3.2.2.3 Utilisation (availability) – working vehicles must be available for productive operation for a maximum proportion of life, which is impacted by load capacity, refuelling and service time, and consideration of operating risk which includes off-board infrastructure such as distribution of fuelling stations.
3.2.2.4 Vehicle Life – working vehicle life may be at least 10 years, if not 30 or more for Rail and Shipping, therefore drop-in alternative fuels and vehicle retro-fit and are essential to make a significant impact to fleet carbon emissions. Accelerated rates of fleet replacement are limited by capital expenditure.
3.2.3 For commercial vehicle operation it is essential to consider the energy density of different technologies which determines the weight and volume of stored energy used to power the vehicle (energy carriers are fuel or batteries). Typical ranges are shown in Table 1:
Energy Carrier (with tank; at pressure) | By Weight Wh/kg | By Volume Wh/litre |
Liquid Fuel (gasoline; diesel) | 10,000 ~ 11,000 | 9,000 ~ 10,500 |
Gaseous Fuel (hydrogen; natural gas) | 2,000 ~ 3,000 | 1,000 ~ 2,000 |
Li-Ion batteries (electrical energy) | 200 ~ 300 | 500 ~ 600 |
3.2.4 Energy density has a substantial impact on the following aspects of commercial vehicle operation, and will determine if a vehicle is operationally and financially viable:
3.2.4.1 Vehicle range: a certain quantity of stored energy is required to power a vehicle over a certain distance. Energy carriers with lower energy densities deliver less range for the same mass or volume, and require more frequent refuelling, both of which limit vehicle utility.
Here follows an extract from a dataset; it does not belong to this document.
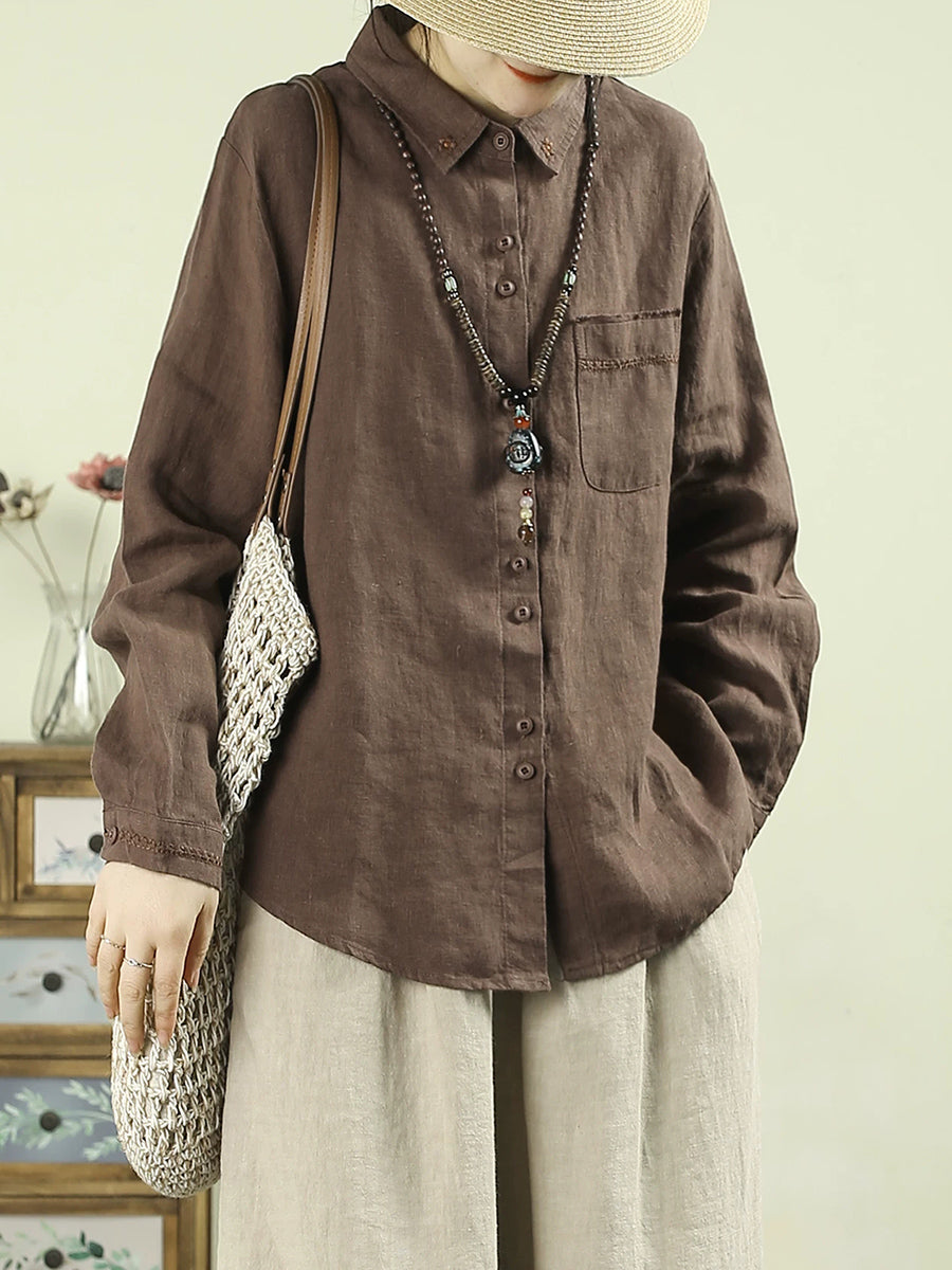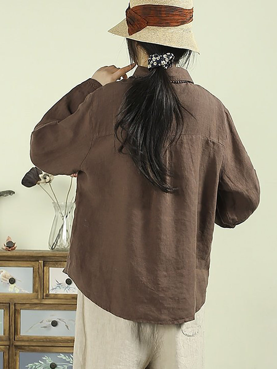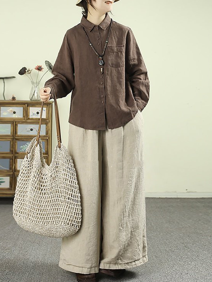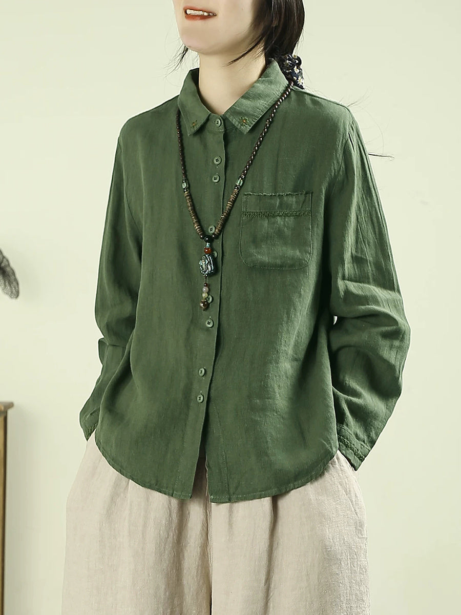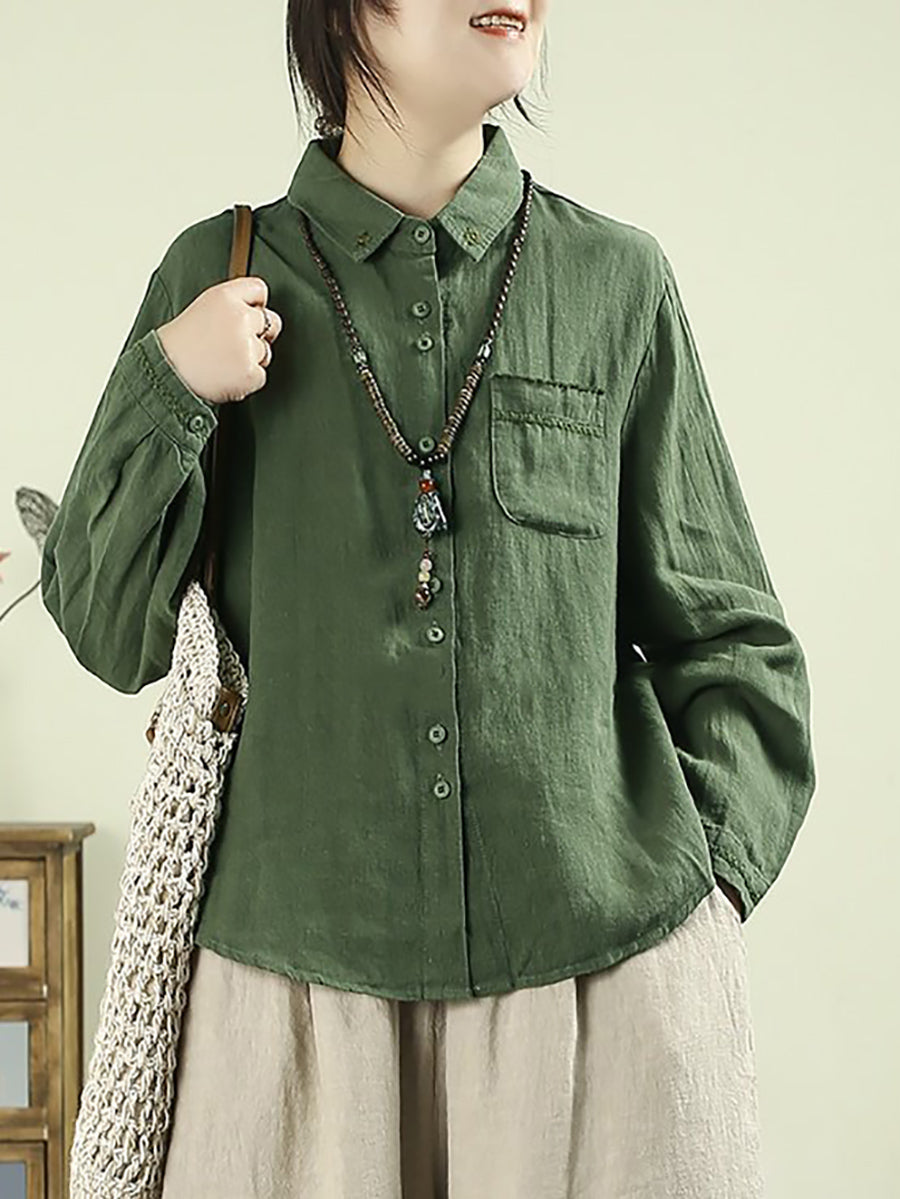 Chemise à col rabattu 100% lin, style artistique printanier, couleur unie

3.2.4.2 Vehicle weight: maintaining range will increase vehicle mass for lower density energy carriers which will reduce load carrying capacity and can make vehicles inoperable.
3.2.4.3 Vehicle packaging: maintaining range will increase energy storage volume for lower density energy carriers and reduce load carrying capacity.
3.2.5 Full electrification of commercial vehicles is technically feasible although constrained by utility and operational viability, primarily through mass of batteries and charging time / infrastructure. To substantively decarbonise commercial vehicles, action is required on gaseous and liquid fuels.
3.2.6 Hydrogen has been demonstrated in a number of commercial vehicle applications however near-term deployment at scale will be constrained by cost and utility.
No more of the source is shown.